Reviewed on 17 September 2024Published on 17 September 2024

Structured outputs allow users to get consistent, machine-readable JSON format responses from language models. JSON, as a widely-used format, enables seamless integration with a variety of platforms and applications. Its interoperability is crucial for developers aiming to incorporate AI functionality into their current systems with minimal adjustments.

By specifying a response format when using the Chat Completions API, you can ensure that responses are returned in a JSON structure. There are two main modes for generating JSON: Object Mode (schemaless) and Schema Mode (deterministic, structured output).
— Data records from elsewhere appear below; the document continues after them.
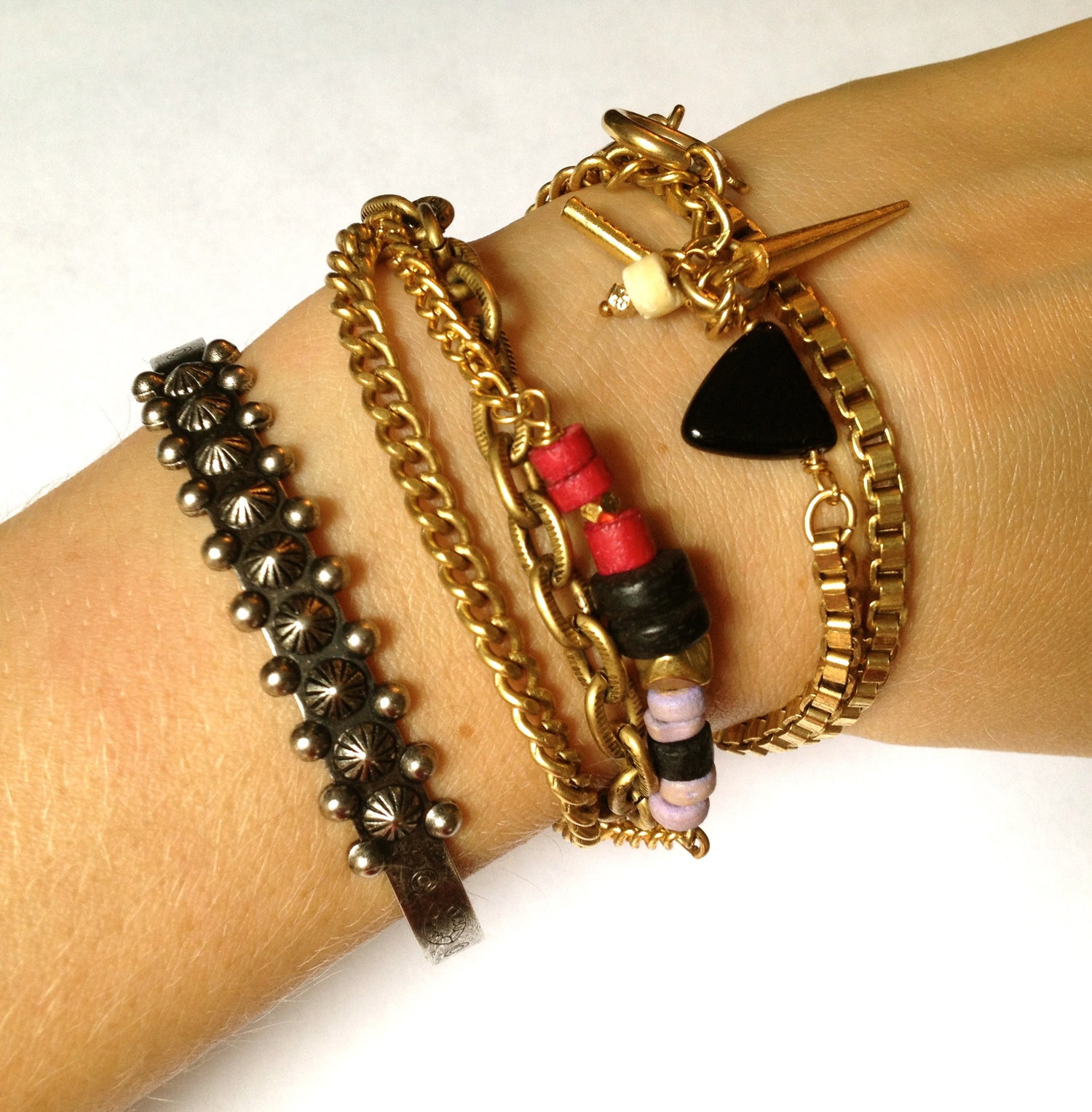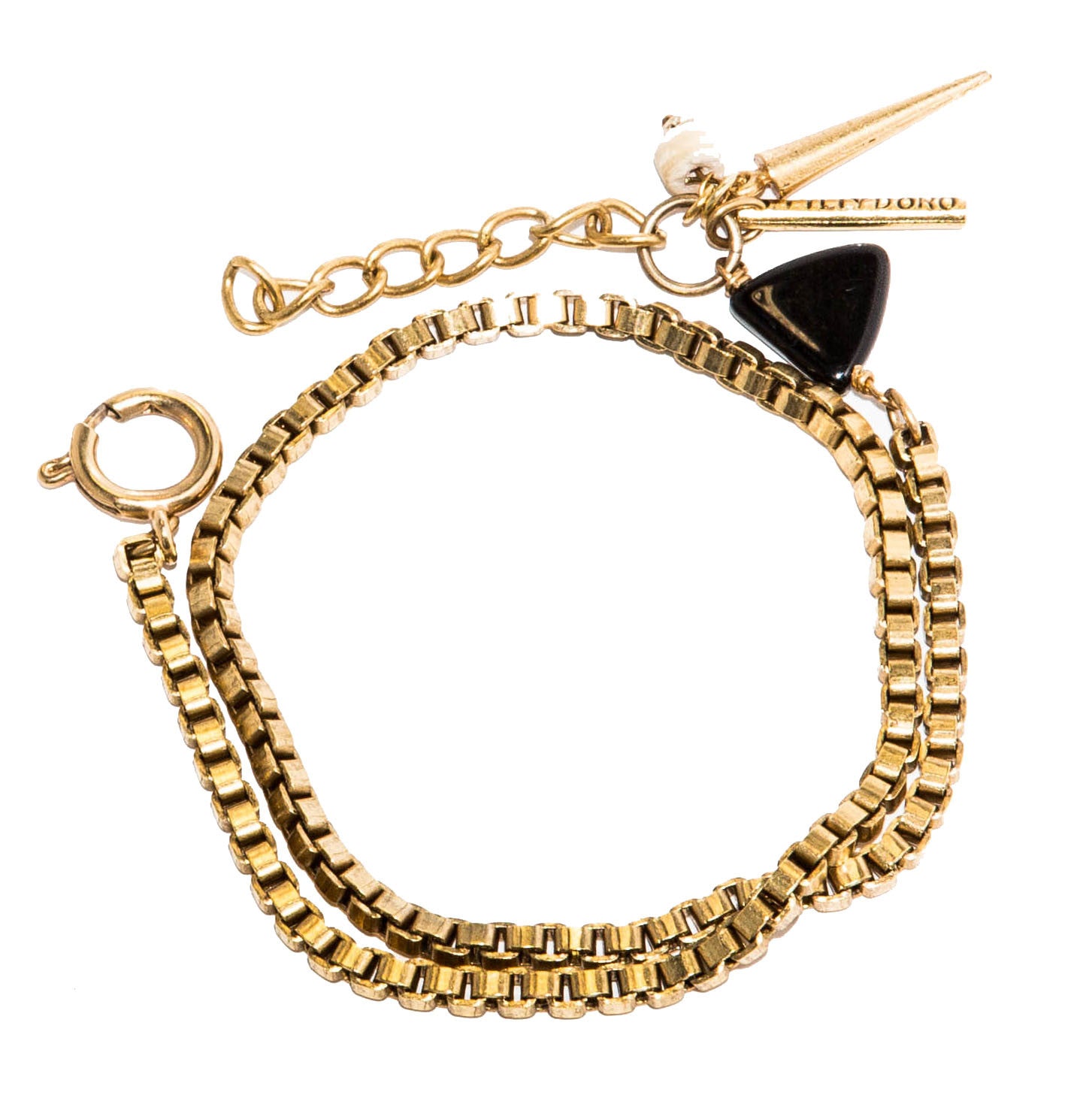 Wrapped box chain meets a cluster of small colorful charms; Black glass triangle bead, cream coco bead and gold spike.
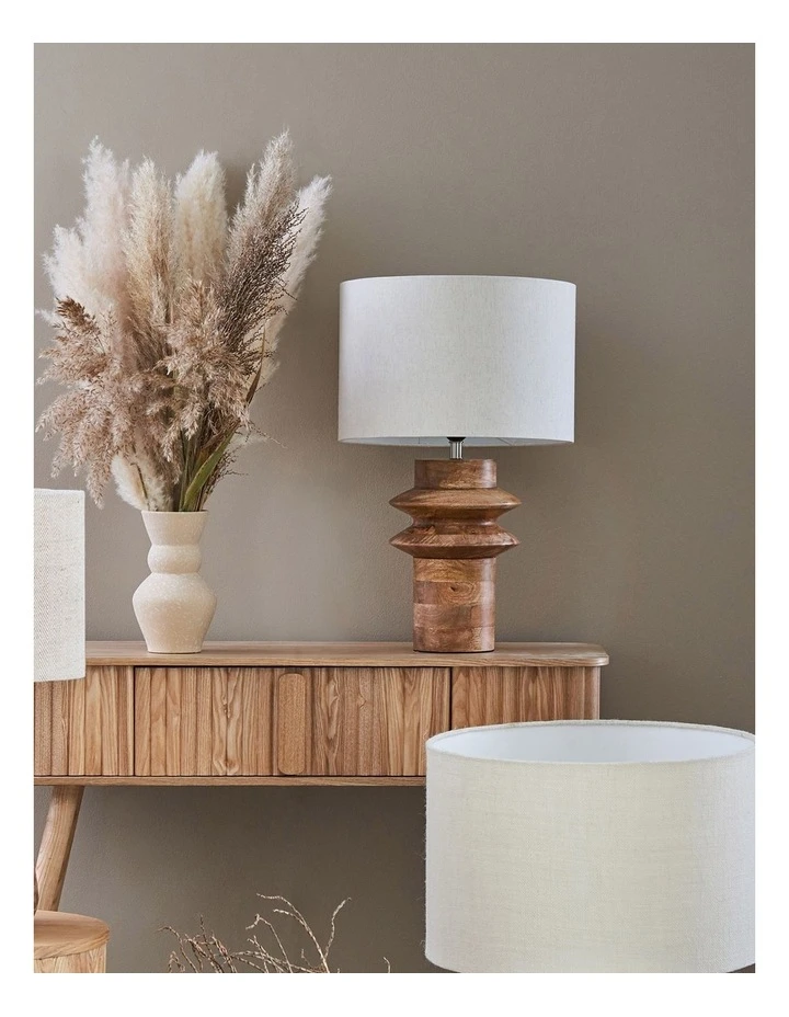 Materials: Shade: Cotton/Linen Base: Mango Wood
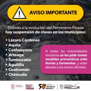 Morelia, Michoacán, 30 de junio de 2025.- Ante el fenómeno meteorológico “Flossie” que se encuentra cerca de las costas michoacanas y en seguimiento a las indicaciones de Protección Civil (PC), la Secretaría de Educación del Estado (SEE) anuncia la suspensión de clases desde hoy hasta que las condiciones climáticas sean propicias para reanudar labores en escuelas públicas y privadas de todos los niveles en 8 municipios.
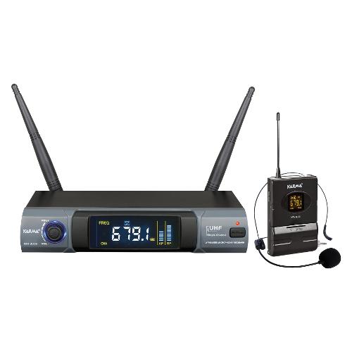 Radiomicrofono compatto ed efficiente comprensivo di bodypack con microfono ad archetto. Dispone di 48 canali per poter operare in ogni condizione. La portata è di circa 50mt con ottima resa acustica sia sul parlato che nel canto. La base ricevente possiede sia una presa di tipo XLR bilanciata sia una presa mixata di tipo 6,3mm. E' alimentabile da una normale presa USB e presenta ampio display che mostra tutte le principali informazioni. Il sistema easy change consente di cambiare canale con la semplice pressione di un tasto del microfono. Il microfono è alimentato da 2 batterie stilo (non incluse).
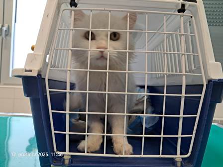 Info centar - detalji pronađene životinje Vrsta Mačka Pasmina Križanka Spol Ž Boja bijela Dlaka kratka Starost 3 g. – 5 g. Broj čipa 191100002387566 Ime BIJELA Datum prijave 6.12.2025. Područje Vrbik Identifikator 71523 Podijeli na Facebooku Galerija slika natrag

You can interact with text models in several ways:

  • Via the Scaleway console, which will soon provide a complete playground, aiming to test models, adapt parameters, and observe how these changes affect the output in real-time.
  • Via the Chat API

Before you start

To complete the actions presented below, you must have:

  • Access to Generative APIs. While in beta, the service is restricted to invited users. You can request access by filling out a form on Scaleway’s Betas page.
  • A Scaleway account logged into the console
  • Owner status or IAM permissions allowing you to perform actions in the intended Organization
  • A valid API key for API authentication
  • Python 3.7+ installed on your system

Types of structured outputs

  • JSON mode (schemaless):

    • Type: {"type": "json_object"}
    • This mode is non-deterministic and allows the model to output a JSON object without strict validation.
    • Useful for flexible outputs when you expect the model to infer a reasonable structure based on your prompt.
    • JSON mode is older and has been used by developers since early API implementations.
  • Structured outputs (schema mode) (deterministic/structured):

    • Type {"type": "json_schema"}
    • This mode enforces a strict schema format, where the output adheres to the predefined structure.
    • Supports complex types and validation mechanisms as per the JSON schema specification.
    • Structured outputs is a newer feature implemented by OpenAI in 2024 to enable stricter, schema-based response formatting.
Note
  • All LLMs on the Scaleway library support JSON mode and Structured outputs, however, the quality of results will vary in the schemaless JSON mode.
  • JSON mode: It is important to explicitly ask the model to generate a JSON output either in system prompt or user prompt. To prevent infinite generations, model providers most often encourage to ask the model for short JSON objects.
  • Structured outputs: Scaleway supports the JSON schema specification including nested schemas composition (anyOf, allOf, oneOf etc), $ref, all types, and regular expressions.

Code examples

Tip

Before diving into the code examples, ensure you have the necessary libraries installed:

pip install openai pydantic

The following Python examples demonstrate how to use both JSON mode and Structured outputs to generate structured responses.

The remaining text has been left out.